Source material.
════════════════
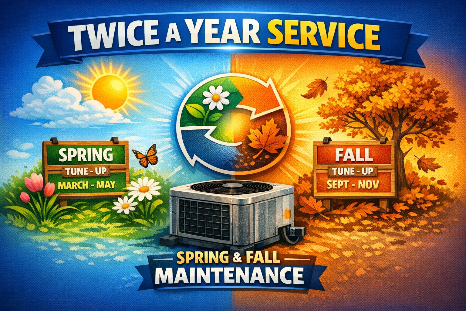 To keep your air conditioner running efficiently and avoid costly repairs, it should be serviced twice a year — once in the spring before cooling season and once in the fall before heating season. Regular maintenance helps:
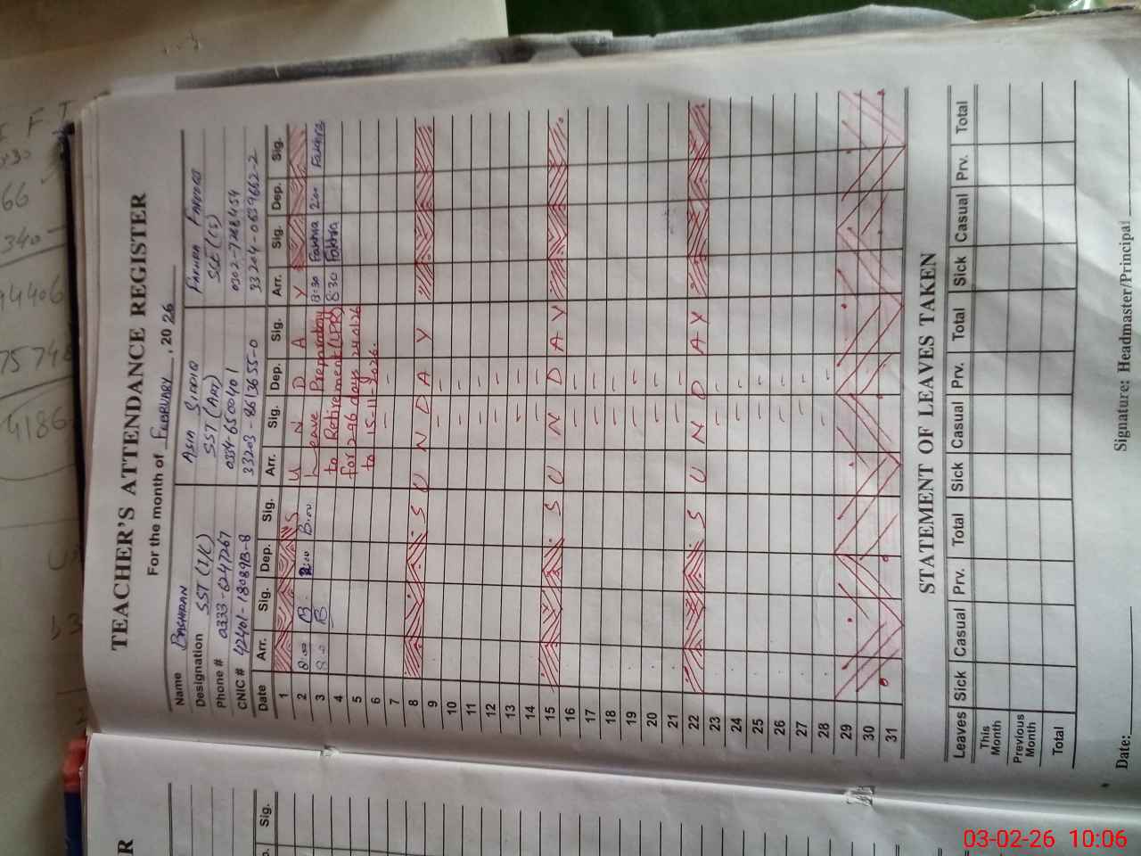 | CNIC | Full Name | Designation | R/C | Absence During Last Calender Month |
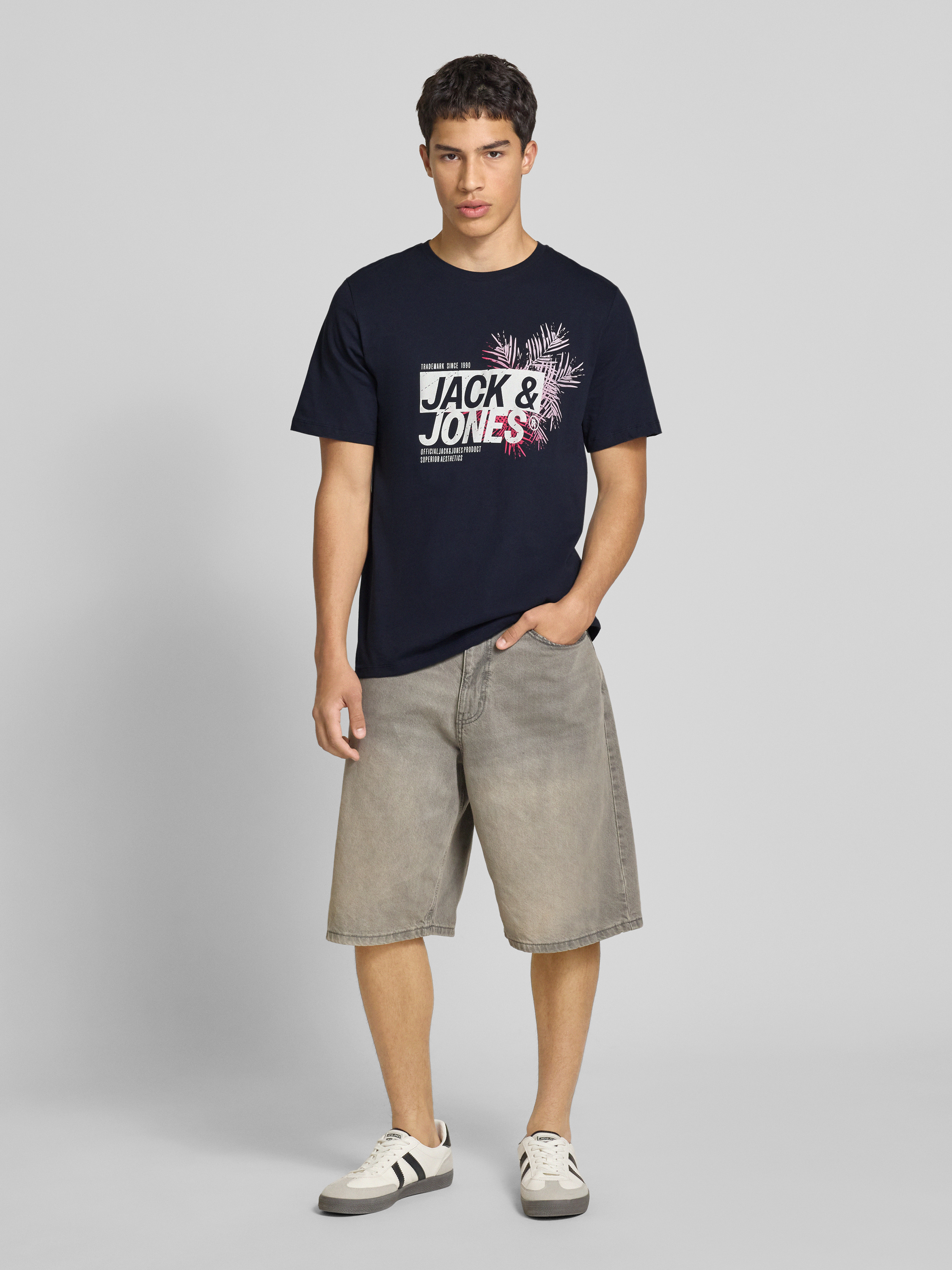 Jack & JonesT-Shirt mit Label-Print Modell 'JAXON' in marine
════════════════
What you have to do.
Restate the data word for word and exclude every picture.

Final answer.
 To keep your air conditioner running efficiently and avoid costly repairs, it should be serviced twice a year — once in the spring before cooling season and once in the fall before heating season. Regular maintenance helps:
 | CNIC | Full Name | Designation | R/C | Absence During Last Calender Month |
 Jack & JonesT-Shirt mit Label-Print Modell 'JAXON' in marine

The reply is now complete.